- Akılı başında olanlar, bağla bağlanmış kullardır, âşıklar ise hürdür, şekerlenmiş, ballanmış canlardır onlar!
- عاقلانش بندگان بندیاند ** عاشقانش شکری و قندیاند
- Akıllıların yuları “zorla gelin” emridir; gönlünü kaptıranların baharı “dileyerek gelin” emri!

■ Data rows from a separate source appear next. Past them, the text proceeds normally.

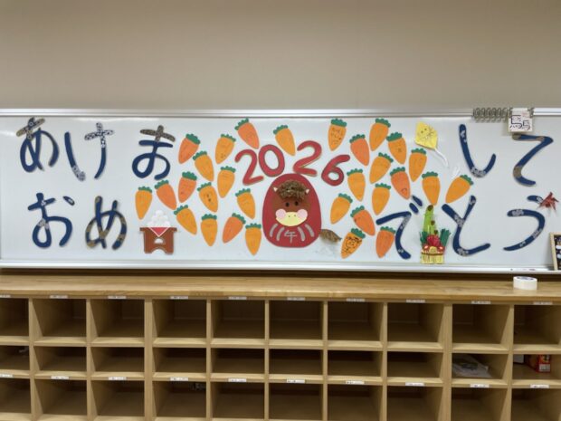 部屋に入ってくると、たくさんの子どもたちが「あけましておめでとうございます。」と挨拶をしてくれました。
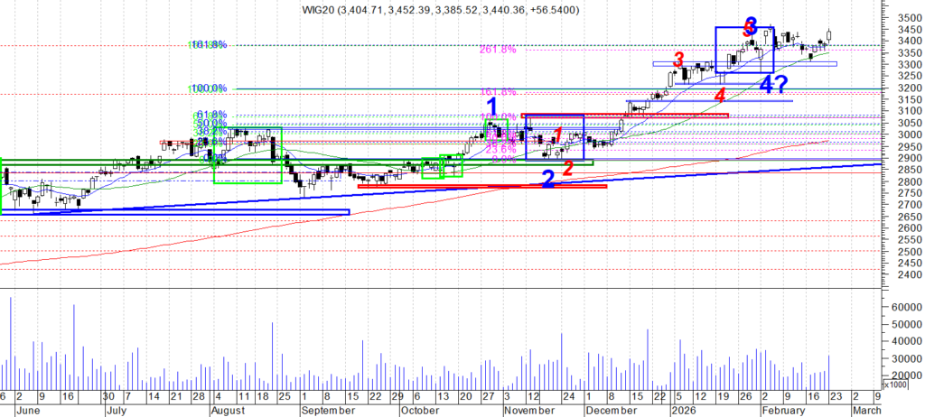 Na wykresie dziennym indeksu WIG 20 powstała wzrostowa świeca z małymi cieniami po obu stronach. Można powiedzieć że scenariusz z nowym szczytem w tle porusza się na przód ale . No właśnie , jest „ale”. Chodzi tu o dwie kwestie. Pierwsza to strefa OLO a druga to skokowy wzrost obrotu. To niesie za sobą niebezpieczeństwo wyrysowania tylko abc w górę. Zatem istotnym będzie to czy dzisiaj będziemy mieli kontynuację czy zmianę kierunku.
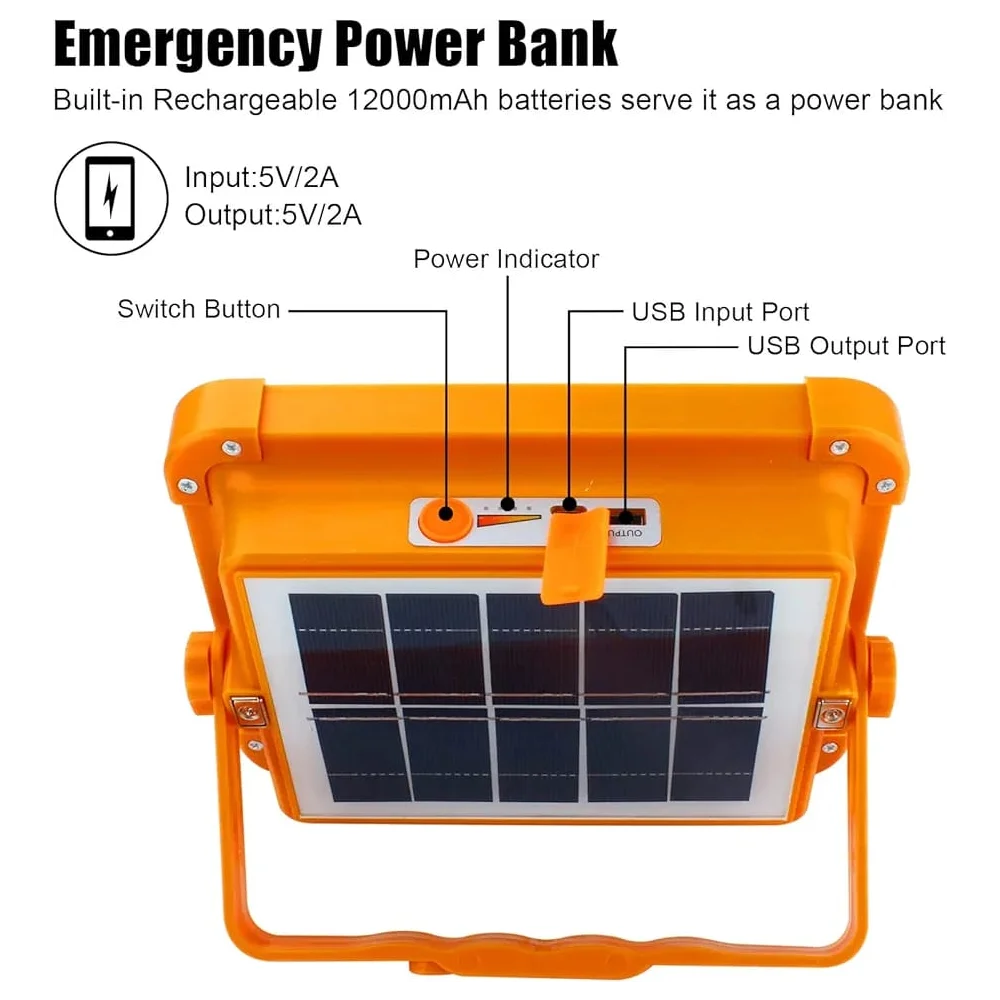 Equipped with a powerful 12000mAh battery, rechargeable via USB cable or solar panel.
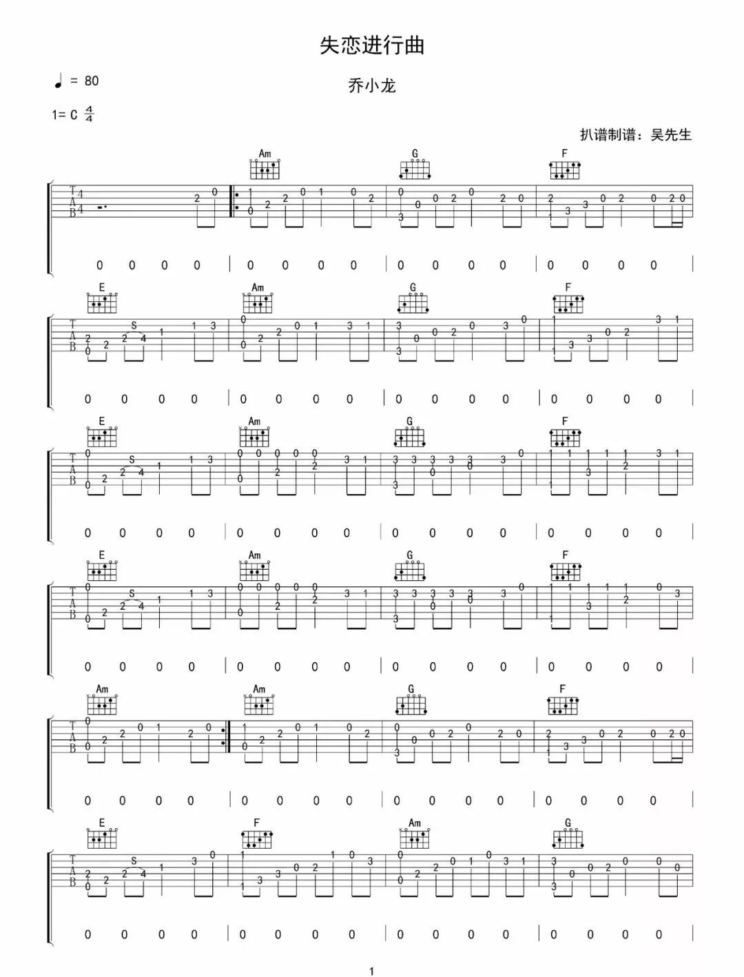 失恋进行曲吉他谱 - 乔小龙 - 吉他独奏谱

- ائتیا کرها مهار عاقلان ** ائتیا طوعا بهار بیدلان
- Peygamber aleyhisselâm’ın esirlere bakıp gülerek “Şaşarım bu kavme ki onları cennete zincirlerle, bukağılarla sürüklüyorlar” demesi
- نظرکردن پیغامبر علیه السلام به اسیران و تبسم کردن و گفتن کی عجبت من قوم یجرون الی الجنة بالسلاسل و الاغلال
- Peygamber, bir bölük esir gördü. Onları çekip sürüklüyorlardı, hepsi de feryadü figan ediyordu.
- دید پیغامبر یکی جوقی اسیر ** که همیبردند و ایشان در نفیر
- O sırları bilen aslan, zincirlere vurulmuş olduklarını gördü, gizlice onlara bakmaya başladı.
- دیدشان در بند آن آگاه شیر ** می نظر کردند در وی زیر زیر
- Her biri hiddetinden o Hak Peygambere dişlerini gıcırdatmakta, dudaklarını çiğnemekteydi. 4475
- تا همی خایید هر یک از غضب ** بر رسول صدق دندانها و لب
- Fakat bu kadar kızgın oldukları halde ağız açmaya kudretleri yoktu… Hepsi de on batmanlık kahır zincirine vurulmuştu.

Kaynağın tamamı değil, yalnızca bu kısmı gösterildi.